Febre maculosa: uma doença transmitida por carraças

A febre maculosa mediterrânica (MSF), também conhecida como febre maculosa, é uma doença infecciosa causada pela bactéria Rickettsia conorii. É transmitida por carraças do género Rhipicephalus. Embora se encontre principalmente nas regiões mediterrânicas, também pode ser encontrada noutras partes do mundo onde as carraças vectoras estão presentes. A doença caracteriza-se por febre, dores musculares, dores de cabeça e uma erupção maculopapular, frequentemente confundida com sarampo. Embora raramente seja fatal, a FBM pode levar a complicações graves se não for tratada rapidamente.

Qual é o agente patogénico?

A febre maculosa mediterrânica ( FMM) é uma doença transmitida por carraças e causada pela bactéria Rickettsia conorii conori. É transmitida principalmente pela carraça do cão, Rhipicephalus sanguineus. Embora esteja amplamente presente nas regiões mediterrânicas, a sua eco-epidemiologia continua a ser mal compreendida, particularmente no que diz respeito ao seu reservatório original e aos factores de emergência.
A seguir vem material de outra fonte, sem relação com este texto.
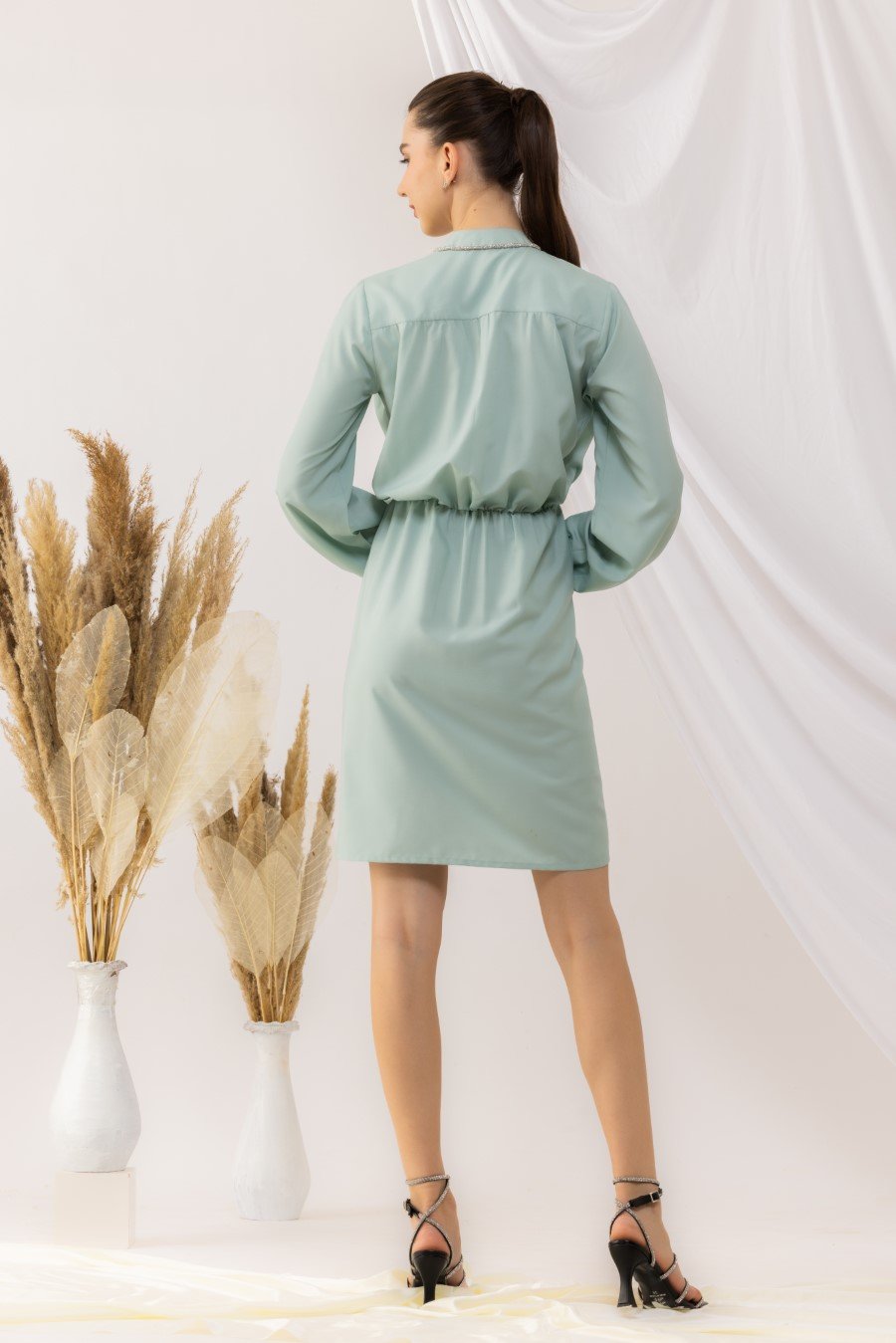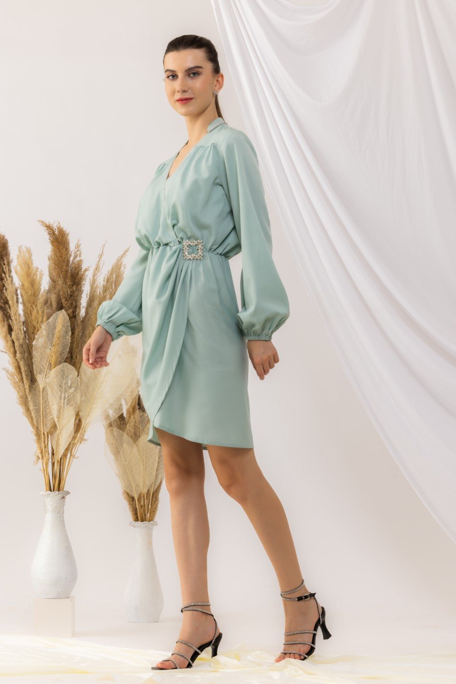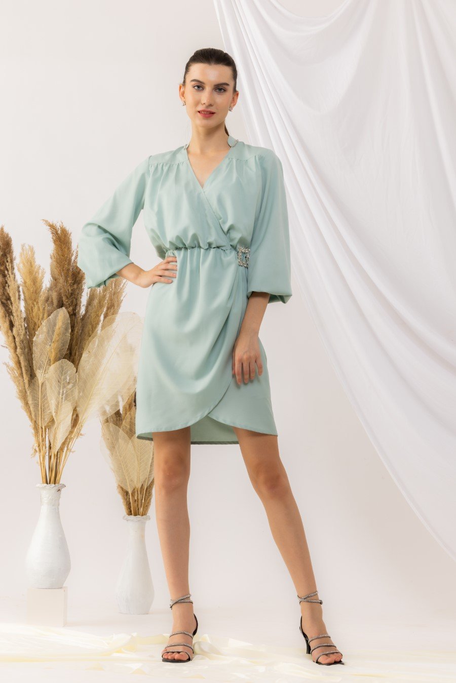 This dress in american crepe features an elasticated waist with crystal buckle on the side. Embellished with diamanté at the band of the neckline. Size Available From XS To 3XL. Style Tip : Go formal, elevate it with elegant jewellery and a pair of high heels to give that party look. Care Instructions :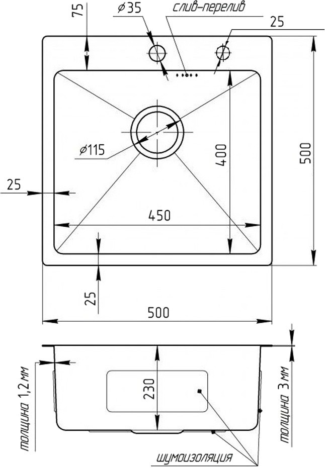 Диаметр отверстия под смеситель - 35 мм,

A FBM está a espalhar-se geograficamente e está a tornar-se cada vez mais grave, o que a torna uma das doenças emergentes ou reemergentes do mundo.

Historicamente considerada relativamente benigna, com uma taxa de mortalidade inferior a 2%, a FBM registou um aumento das formas graves desde a década de 1990, com taxas de mortalidade superiores a 3% e mesmo superiores a 6%. A Rickettsia conorii é uma bactéria Gram-negativa intracelular obrigatória, que se encontra principalmente na bacia do Mediterrâneo, incluindo o sul de França, onde foi outrora responsável pelo “tifo das vindimas “.

Embora não se encontre nas Américas, na Austrália e no Pacífico, são possíveis casos importados após o regresso de regiões endémicas. As Rickettsiae infectam principalmente artrópodes e medem cerca de 300 nm. São classificadas como alfa-proteobactérias. Os artrópodes sugadores de sangue inoculam frequentemente estas bactérias nos seres humanos, conduzindo a várias doenças, como a doença rickettsial.

Durante muito tempo, estas bactérias foram consideradas intermédias entre as bactérias e os vírus, devido à sua natureza intracelular e ao seu pequeno tamanho. As rickettsias penetram nas células, onde se multiplicam por cissiparidade, causando infecções multifocais, particularmente no endotélio vascular.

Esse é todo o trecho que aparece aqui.